Ida is a prosimian in the family Adapidae - similar to present-day lemurs - and the type of primate that may have been ancestor to Anthropoidea - including present-day monkeys, apes and humans. The scientists studying Ida were careful not to claim that she was necessarily of a species ancestral to humans.
Note that Darwinius masillae, and adapoids contemporary with early tarsioids, could represent a stem group from which later anthropoid primates evolved, but we are not advocating this here, nor do we consider either Darwinius or adapoids to be anthropoids.
At least they were careful until they started talking to the press, where one author claimed Ida is "the closest thing we can get to a direct ancestor". The hype may have something to do with the History Channel special - "The Link" - featuring the discovery, which was announced alongside the paper. The program's web site has more hyperbolic quotes, my favorit being from the paper's lead author Jens Lorenz Franzen:
"When our results are published, it will be just like an asteroid hitting the Earth."
Presumably without all the death and destruction.
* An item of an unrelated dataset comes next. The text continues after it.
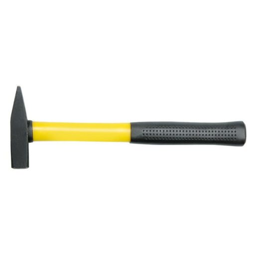 Erős acélból készült kalapács, üvegszálas alapú, ütésálló műanyag nyéllel. A nyél csúszásmentes, profilozott gumírozott bevonattal van ellátva a kényelmes és biztonságos fogás érdekében. A kalapács feje fekete felületkezelést kapott a tartósság növelésére.

To add to the hype, many of the articles in the mainstream media have touted the find as "the missing link" - a non-sensical term, since every new fossil species is a new link in the evolutionary record. As the quote from The Lost World suggests, the phrase had already fallen out of favor by the beginning of the 20th century, so it's simply bad science journalism for news reports to be using it now.

And it's not just the media hype that's at issue. At Laelaps Brian Switek has raised some questions as to the quality of the paper's analysis of the fossil. I'm not well-versed enough in paleontology to give my opinion on that. However, I do find it troubling that the History channel's PR department and the scientists' own self-promotion are providing a false picture of the significance of this fossil find. I suspect that the over-the-top promotion will be a turnoff to many people who already assume that scientists routinely exaggerate their findings.

And I doubt Stephen Baxter will feel the need to add a chapter to Evolution.

For more coverage, Carl Zimmer has a nice post about the science and they hype and see Bora's roundup of related links at A Blog Around the Clock.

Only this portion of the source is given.